No sé si esperaba que dijéramos algo pero, como hablaba igual que si estuviera impartiendo una clase, nos mantuvimos callados.

—En cualquier caso, las figuras de los adoradores de la Puerta del Sol aparecen mezcladas con el texto formando figuras triangulares con vértices que apuntan a la cabeza de cóndor. Si considerásemos ambas tablas como una sola y numerásemos las filas y las columnas del uno al diez, como si se tratara de un tablero de ajedrez... —se pinzó el labio inferior con el pulgar y el índice, pensativa—, la figura cambiaría radicalmente porque entonces tendríamos dos líneas diagonales cruzadas en el centro, una formada por dos pájaros y tres humanos y otra por dos humanos y tres pájaros.

—Cinco —se le escapó a
Proxi
, que seguía la explicación con gran interés—. Las dos líneas diagonales suman cinco figuras cada una. Lo digo porque estoy convencida de que todo esto tiene que ver con la prueba anterior, la de multiplicar por cinco y dividir por dos.

—Sin duda se trata de una progresión en conocimientos y habilidades —repuso la doctora Torrent—. Nos enseñan algo y nos piden que lo apliquemos de manera práctica. ¿Somos dignos de acceder a un poder superior o, por el contrario, nuestra incapacidad mental nos cierra las puertas?

Yo estaba alucinado escuchándolas a las dos, sobre todo a la catedrática. Tenía una forma de razonar absolutamente científica y una manera de explicarse definitivamente pedagógica, y
Proxi
, nuestra
Proxi
, captaba la onda como un receptor de radar, reaccionando en sintonía.

—Oiga, doctora... —la interrumpió
Jabba
—. ¿Usted no sabe hablar como las personas normales? ¿Siempre tiene que ser tan rebuscada?

Marta Torrent le miró achicando los ojos, como si se concentrara para enviarle rayos gamma que lo convertirían en un charquito de plasma, y pensé que allí se iba a montar una buena si no intervenía para detenerlo. Sin embargo, aquella fue la ocasión en que aprendí que los ojos achinados de la doctora eran el paso previo a su risa incontenible. En lugar de ofenderse y reaccionar como una Némesis enfurecida, sus carcajadas repicaron en la galería de suelo agujereado y rebotaron por los muros, multiplicándose. Al final, parecía que nos hubiera rodeado un coro de bacantes.

—¡Oh, lo... siento, señor...! —quiso disculparse mientras intentaba dejar de reír—. No... no recuerdo su nombre, perdóneme.

—Marc. Me llamo Marc —respondió él de mala gana.

Yo pensé: «Bond. James Bond.» Pero me callé.

—Marc, perdóneme. No quería molestarle. Es que, ¿sabe?, mis hijos y mis alumnos siempre se están burlando de mí por la forma que tengo de hablar. Por eso me ha hecho gracia. Espero no haberle ofendido.

Jabba
sacudió la cabeza, denegando, y le dio la espalda para dejar bien clara su indiferencia, pero yo, que le conocía bien, sabía que le había gustado la respuesta. Aquella situación empezaba a resultar bastante incómoda.

—Muy bien, veamos —murmuró
Proxi
, colocándose junto a la catedrática—. Si numeramos las filas y las columnas como usted ha dicho, del uno al diez, tenemos que la diagonal con tres cóndores y dos humanos tiene sus cinco figuras situadas en las casillas 2-2, 4-4, 6-6, 8-8 y 10-10, mientras que la diagonal con tres humanos y dos cóndores las tiene en 1-10, 3-8, 5-6, 7-4 y 9-2. Por lo tanto, la más regular es la de los tres cóndores.

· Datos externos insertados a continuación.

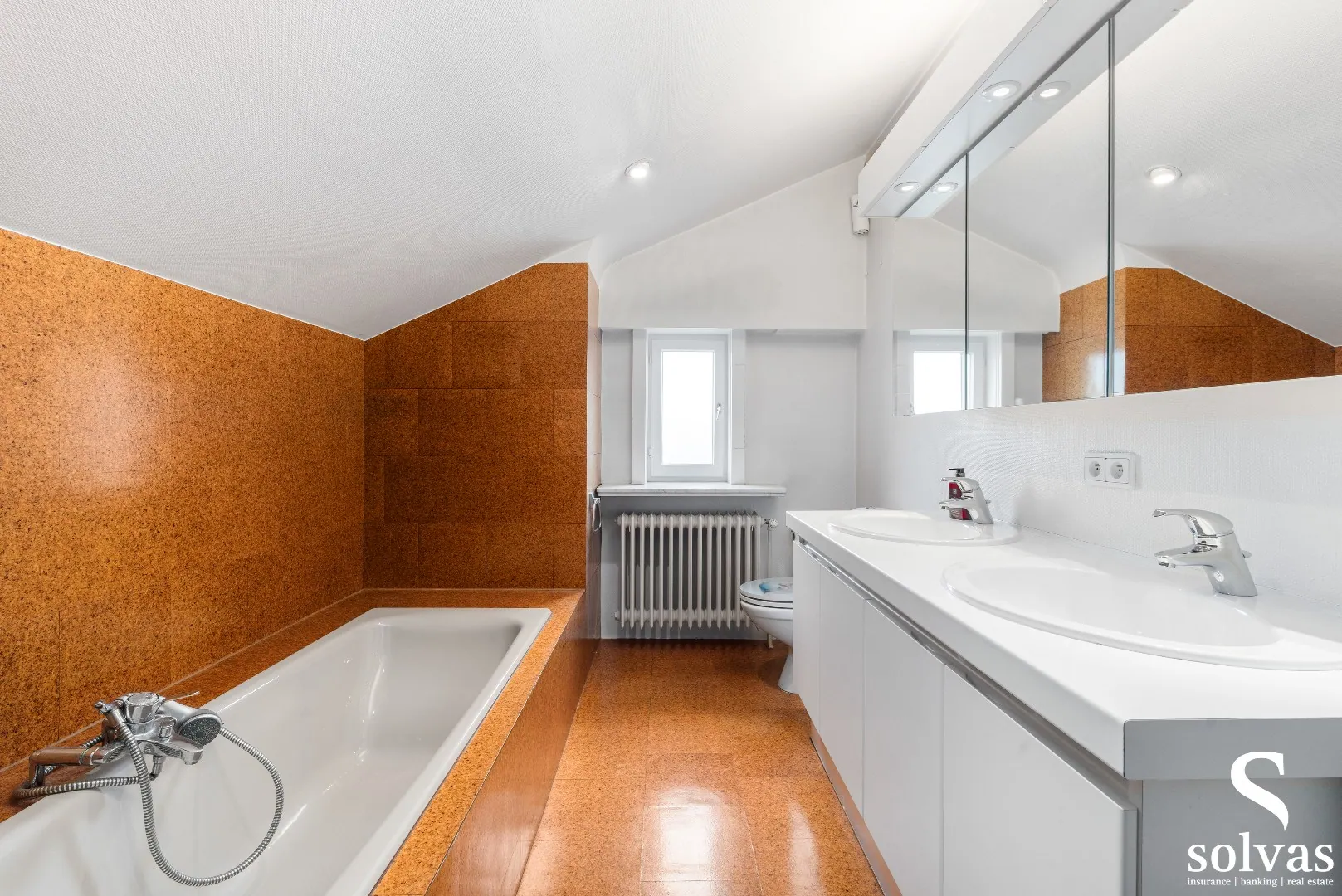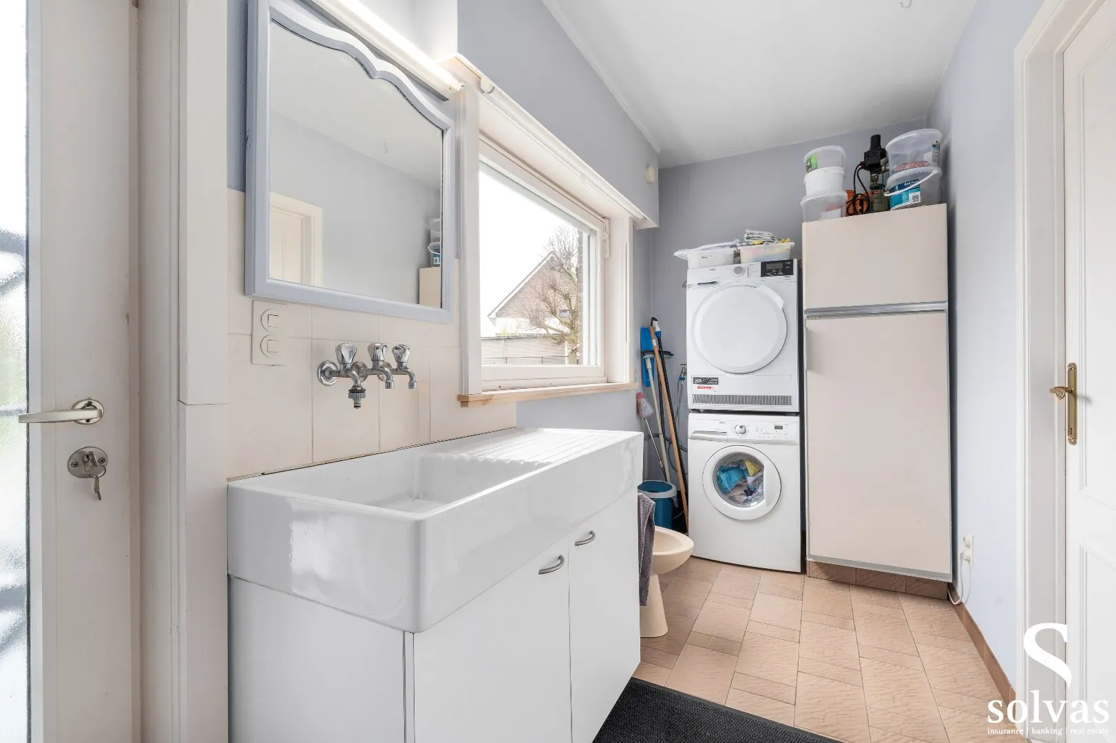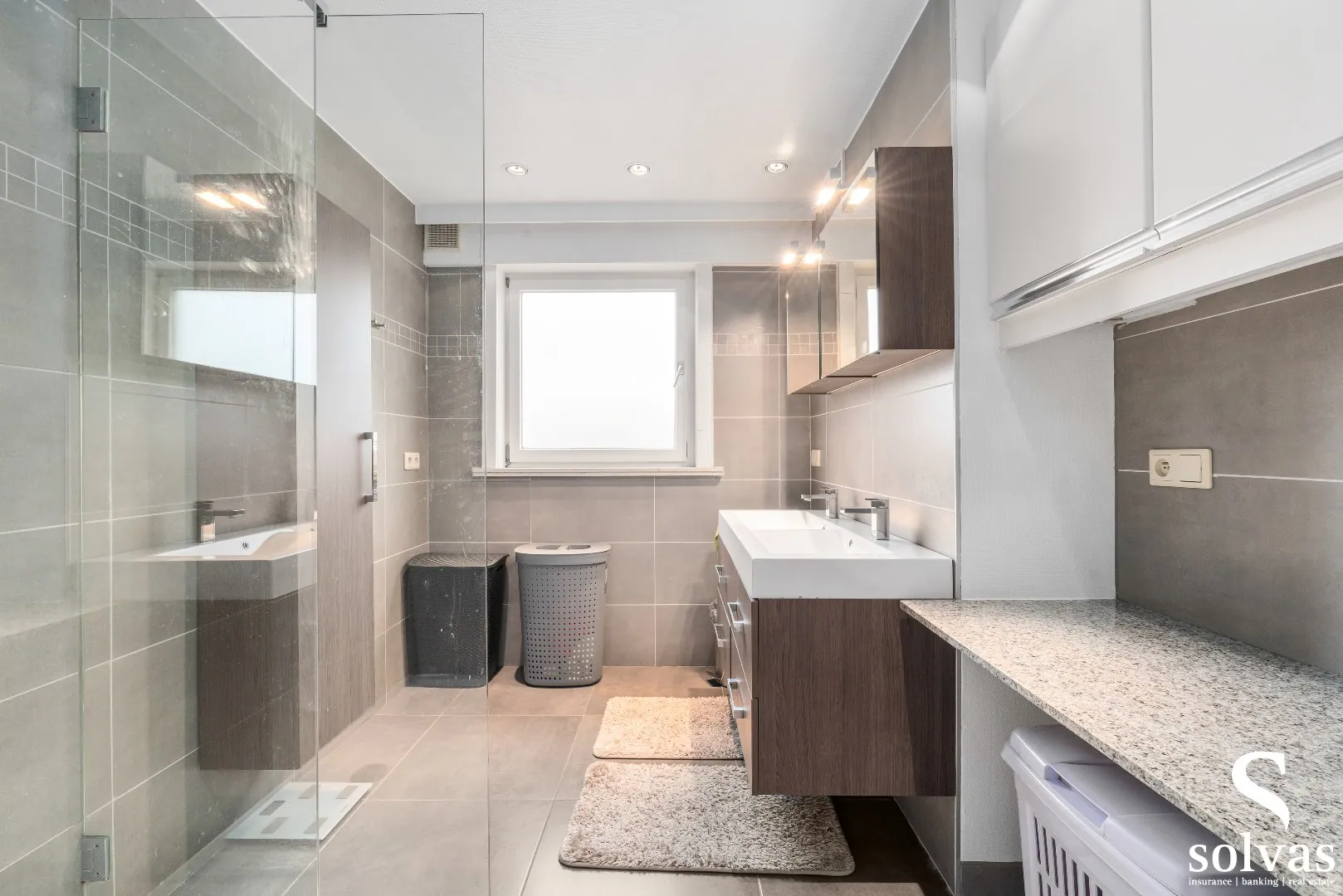 Achteraan de woning vindt u de wasruimte met aansluitend een polyvalente ruimte die perfect kan dienen als hobbyruimte, bureau of praktijkruimte. Op het gelijkvloers is eveneens een vernieuwde badkamer aanwezig met dubbele lavabo en inloopdouche.

Para entonces yo ya había hecho varias rápidas operaciones mentales con los números, y estaba llegando a la conclusión de que la serie irregular carecía de sentido matemático mientras que la regular se correspondía, limpiamente, con los cinco primeros números enteros cuyo resultado, al dividir por dos y multiplicar por cinco, tenían la misma raíz.

—Hay que pulsar las cinco figuras de la diagonal con tres cóndores —dijo en ese momento el gusano rechoncho.

—Yeso, ¿por qué? —pregunté, molesto. Otra vez se me había adelantado.

—¿Es que no lo ves,
Root
? —me recriminó
Proxi
—. Dos, cuatro, seis, ocho y diez son divisibles por dos y multiplicables por cinco con la misma raíz, mientras que la otra serie carece de lógica.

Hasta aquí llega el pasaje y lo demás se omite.